PLANETSCALE 2024-09-09

Read original ↗

PlanetScale — B-trees and database indexes

Summary

PlanetScale's Ben Dicken publishes a pedagogical deep-dive on B-trees and B+trees as the foundational data structure behind most database indexes — including MySQL's InnoDB, Postgres, MongoDB, and DynamoDB. The article walks from B-tree fundamentals (nodes, keys, ordering, search) through B+tree modifications (leaf-only values, linked-list leaves, MySQL-specific N children instead of N+1), then anchors the theory to InnoDB internals: every MySQL table is a B+tree keyed on its primary key with row data in the leaves (clustered index), secondary indexes are separate B+trees keyed on the indexed column with primary-key values in the leaves (secondary index), and the 16-KB node size matches the InnoDB page size — which is the unit of I/O from disk and the unit of cache in the buffer pool. The core architectural argument of the post: primary-key choice changes the on-disk layout of the whole table, and a random/UUID primary key punishes the B+tree on three axes (unpredictable insert path → more pages visited per insert, unpredictable leaf destination → write amplification from node splits across the tree, out-of-order leaf values → range scans fan out across non-adjacent pages). A sequential BIGINT AUTO_INCREMENT avoids all three: inserts follow the right-most path, leaves grow on the right side, and values sit in insertion-order within neighbouring leaves so time-range queries become sequential I/O.

Key takeaways

  1. A B-tree of order K is a tree where each node stores 1..K key/value pairs, each internal node has ≥K/2 key/value pairs, each node has N+1 children, all leaves are on the same level, and keys within a node are sorted. Search descends one node per level via binary-searching the keys and following the appropriate child pointer — O(log_K N) visits. "The fewer levels it has (or the shallower it is), the faster searching can be performed." (Source: article §"B-tree properties + search".)
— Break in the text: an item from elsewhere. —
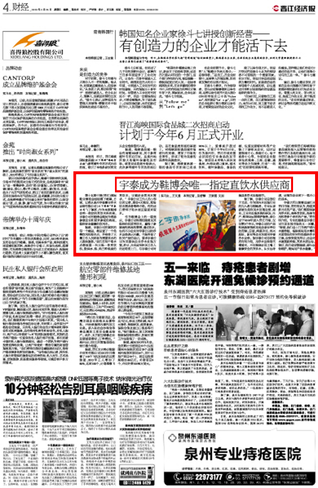 據(jù)了解,宇泰公司總部位于北京,作為國內(nèi)水處理行業(yè)的先入者,專業(yè)從事家庭生活飲用水處理設(shè)備,商業(yè)、工業(yè)水處理系統(tǒng)的研發(fā)、生產(chǎn)、銷售及運(yùn)營維護(hù)服務(wù)。該公司于2010年進(jìn)入晉江市場(chǎng),僅僅第3個(gè)年頭,宇泰公司的產(chǎn)品和品牌便得到本地企事業(yè)單位的青睞,目前,鴻星爾克、潯興股份、新亞等企業(yè)均使用宇泰凈水設(shè)備。據(jù)宇泰公司總經(jīng)理周有明介紹,用凈水設(shè)備取代桶裝水,不僅能保證員工喝上健康安全的直飲水,從長(zhǎng)遠(yuǎn)考慮,還能為企業(yè)省下一筆不小的成本。
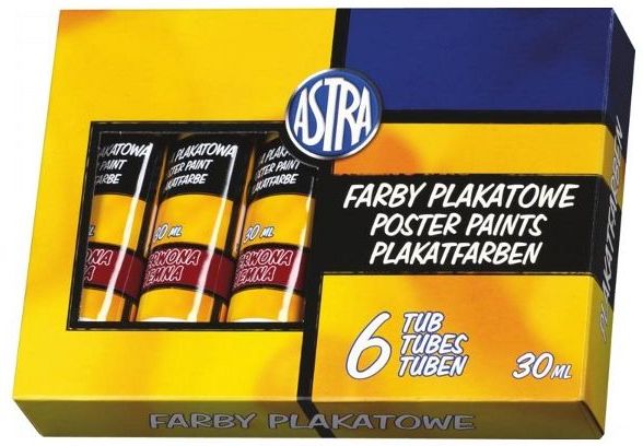 Farby plakatowe są farbami wodnymi, kryjącymi o czystych i intensywnych barwach. Ze względu na znakomitą przyczepność, nadają się do malowania na takich podłożach jak: papier, karton, drewno, ceramika, kamień. Wymalowane powierzchnie po wyschnięciu są matowe o intensywnych barwach, odporne na działanie światła i ścieranie. Wysoką jakość farb uzyskujemy dzięki wysokiej jakości pigmentom i spoiwom użytym do produkcji tych farb, oraz technologii produkcji. Kraj produkcji: PL Producent: ASTRA S.A. ul. Poleczki 23 02-822 Warszawa (PL) tel: (22) 346 07 85 email: sekretariat@astrapolska.pl Producent/osoba odpowiedzialna za bezpieczeństwo produktuASTRA S.A.ul. Poleczki 2302-822 Warszawasekretariat@astrapolska.pl(22) 346 07 85

  2. B-trees match disk physics. HDDs and SSDs read and write in block units — typically 4 KB, 8 KB, or 16 KB ("each node uses a fixed number of bytes. The number of bytes can be tailored to play nicely with disk blocks"). A single B-tree node sized to one disk block is read in one I/O; a three-level tree with 16-KB nodes and 8-byte keys/values/pointers can store "over 300 million key/value pairs (682 × 682 × 682 = 317,214,568)" — visiting 3 nodes per lookup across 300M rows. This is the disk-block-size alignment argument for B-trees over RAM-optimal structures like red-black trees.

  3. B+trees differ from B-trees in three ways. "Key/value pairs are stored only at the leaf nodes. Non-leaf nodes store only keys and the associated child pointers." Internal nodes fit more keys per node (no value overhead → shallower tree) and leaf nodes form a doubly-linked list (in-order traversal without revisiting internal nodes). MySQL's InnoDB further specialises: non-leaf nodes store N child pointers instead of N+1, and all levels have next/previous pointers so each level is a doubly-linked list. (Source: article §"B+tree".)

  4. InnoDB's clustered index IS the table. "[InnoDB] actually stores all table data in a B+tree, with the table's primary key used as the tree key." The CREATE TABLE primary-key declaration is the key of the B+tree; the values in the leaves are "the remaining column values for each row, and are stored only in the leaf nodes." Narrow tables (few columns) pack hundreds of rows per 16-KB leaf; wide tables may fit single-digit row counts per leaf. This is a clustered index — the primary-key index and the table are the same structure.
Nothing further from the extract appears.